辅助促红细胞生成素神经保护治疗中度或重度新生儿缺氧缺血性脑病后的脑损伤结果：HEAL试验报告。

引言：在一项针对中度或重度缺氧缺血性脑病（HIE）新生儿的3期随机对照试验中，促红细胞生成素（Epo）是一种公认的神经保护疗法，但并未改善总体结果。然而，HIE是一种异质性疾病，Epo是否对围产期脑损伤有有益影响还有待确定。方法：本研究对2016年至2021年在涉及23个美国学术医疗中心的17个地点进行的高剂量促红细胞生成素治疗窒息和脑病（HEAL）试验的神经影像学数据进行了二次分析。参与者是妊娠期>36周的新生儿，因中度或重度HIE接受治疗性低温治疗，并在出生后第一周接受5剂研究药物（Epoetinα1000 U/kg/剂）或安慰剂。根据试验地点和脑病的严重程度对治疗分配进行分层。主要结果是由三名独立读者使用经验证的HIE磁共振成像（MRI）评分系统确定的脑损伤的部位、模式和敏锐度。结果：在参加HEAL的500名婴儿中，470名（94%）在中位4.9天时获得了高质量的MRI数据（IQR 4.5-5.8）。Epo组和安慰剂组的深灰色核、皮层、白质、脑干和小脑损伤发生率相似。同样，各组之间损伤模式的分布相似。在8天内成像的婴儿中（n=414），94（23%）只出现急性损伤，93（22%）只出现亚急性损伤，89（21%）同时出现急性和亚急性损伤。各治疗组的分布相似。结论：辅助红细胞生成素不能降低局部脑损伤的发生率。亚急性脑损伤比以前报道的更常见，这对开发该人群的辅助神经保护疗法具有关键意义。

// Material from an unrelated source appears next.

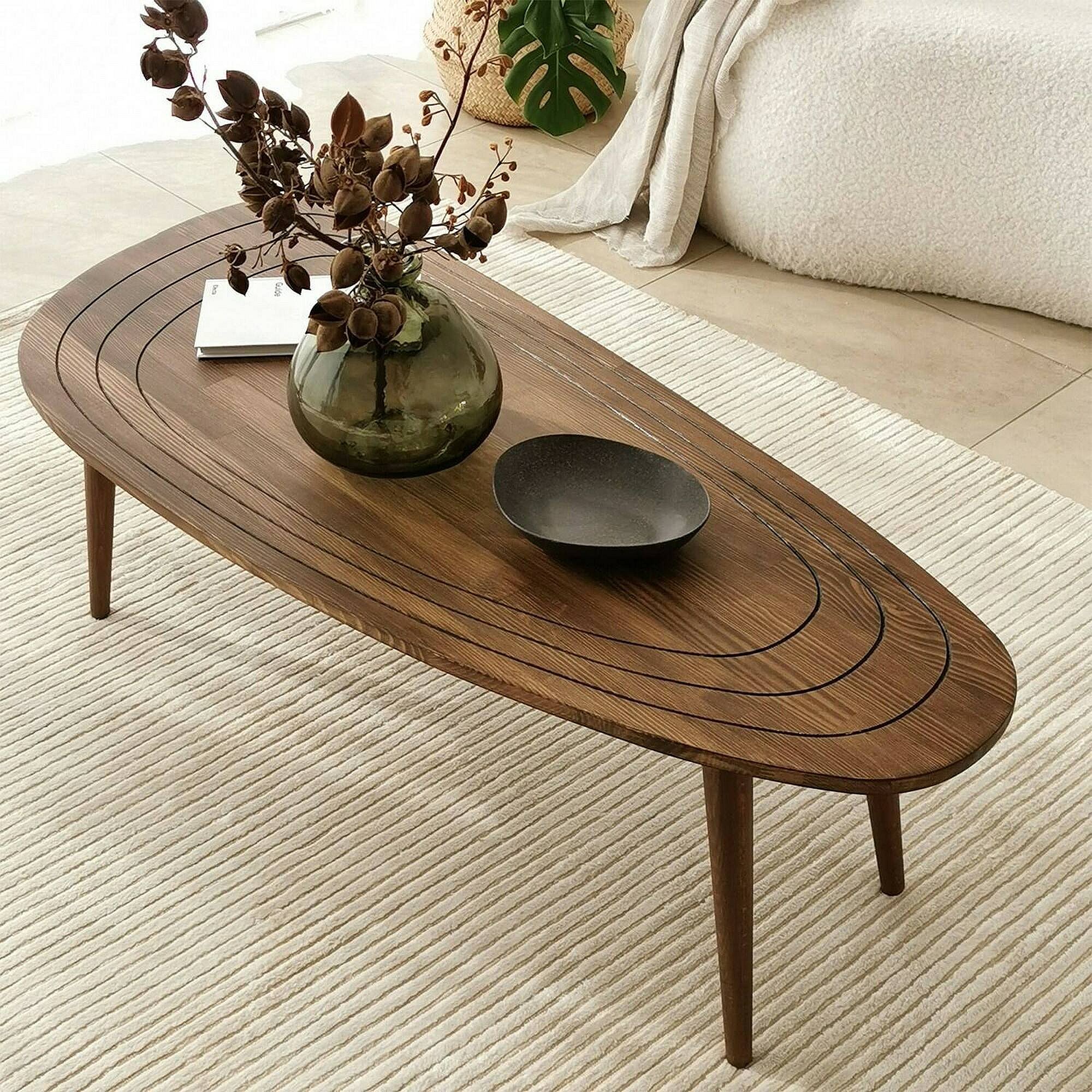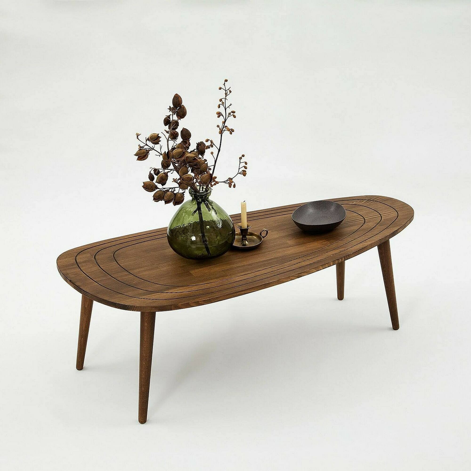 Table basse Beid, Table basse, Porte-revues pour canapé, Etagère de salon, 115x50h38 cm, Noyer

本文章由计算机程序翻译，如有差异，请以英文原文为准。

求助全文

约1分钟内获得全文去求助

来源期刊

Developmental Neuroscience 医学-发育生物学

CiteScore

4.00

自引率

3.40%

发文量

审稿时长

>12 weeks

期刊介绍： ''Developmental Neuroscience'' is a multidisciplinary journal publishing papers covering all stages of invertebrate, vertebrate and human brain development. Emphasis is placed on publishing fundamental as well as translational studies that contribute to our understanding of mechanisms of normal development as well as genetic and environmental causes of abnormal brain development. The journal thus provides valuable information for both physicians and biologists. To meet the rapidly expanding information needs of its readers, the journal combines original papers that report on progress and advances in developmental neuroscience with concise mini-reviews that provide a timely overview of key topics, new insights and ongoing controversies. The editorial standards of ''Developmental Neuroscience'' are high. We are committed to publishing only high quality, complete papers that make significant contributions to the field.